• [About this task] Give back exactly the lines from the one that holds "以上信息来源于洛阳餐旅集团官网:www.allenresha.com 分享到:0 用手机看" through the final line of the data; omit the pictures and add nothing.

• [Data section]
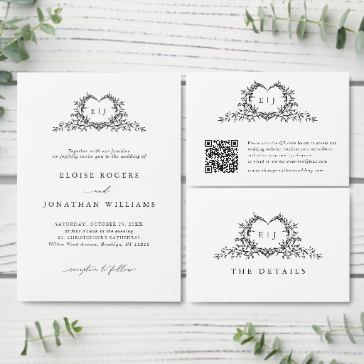 Minimalist Monogram Calligraphy Crest WeddingOntworpen door Bliss Design Studio
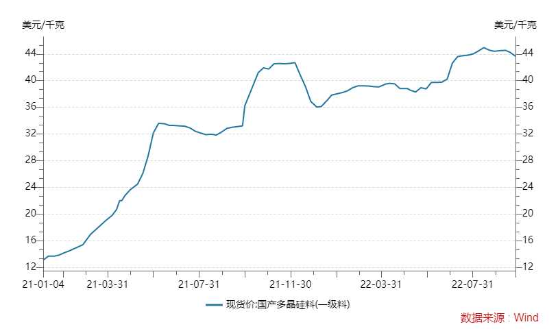 WIND数据显示,国产多晶硅料(一级料)价格在第三季度持续保持历史高位区间,在8月15日更是创下了44.95美元/千克的纪录。
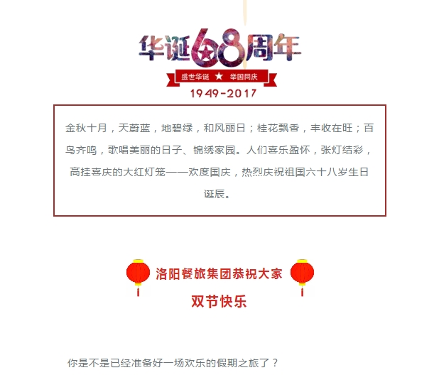 十月一千万别离开洛阳!这份洛阳游玩超级攻略省钱又省时! 发布时间:2017-10-01来源:点击:2464 以上信息来源于洛阳餐旅集团官网:www.allenresha.com 分享到:0 用手机看 拍下二维码,信息随身看 试试用微信扫一扫,在你手机上继续观看此页面。 上一篇:“餐旅杯”河南省餐饮饭店三项大赛洛阳选拔赛拉开序幕 下一篇:河南省收藏家协会洛阳办事处落户喜庆文化博物馆(筹)
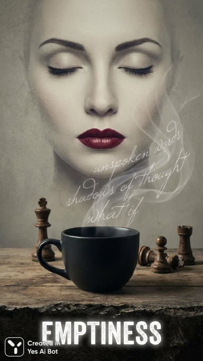 an intriguing piece depicts a serene face with red lips, a matte black coffee cup, and ghostly whispers surrounding the figure, enhanced by chess pieces that symbolize strategic duality, creating a feeling of unreachable warmth; text: "EMPTINESS"

• [Reply]
 十月一千万别离开洛阳!这份洛阳游玩超级攻略省钱又省时! 发布时间:2017-10-01来源:点击:2464 以上信息来源于洛阳餐旅集团官网:www.allenresha.com 分享到:0 用手机看 拍下二维码,信息随身看 试试用微信扫一扫,在你手机上继续观看此页面。 上一篇:“餐旅杯”河南省餐饮饭店三项大赛洛阳选拔赛拉开序幕 下一篇:河南省收藏家协会洛阳办事处落户喜庆文化博物馆(筹)
 an intriguing piece depicts a serene face with red lips, a matte black coffee cup, and ghostly whispers surrounding the figure, enhanced by chess pieces that symbolize strategic duality, creating a feeling of unreachable warmth; text: "EMPTINESS"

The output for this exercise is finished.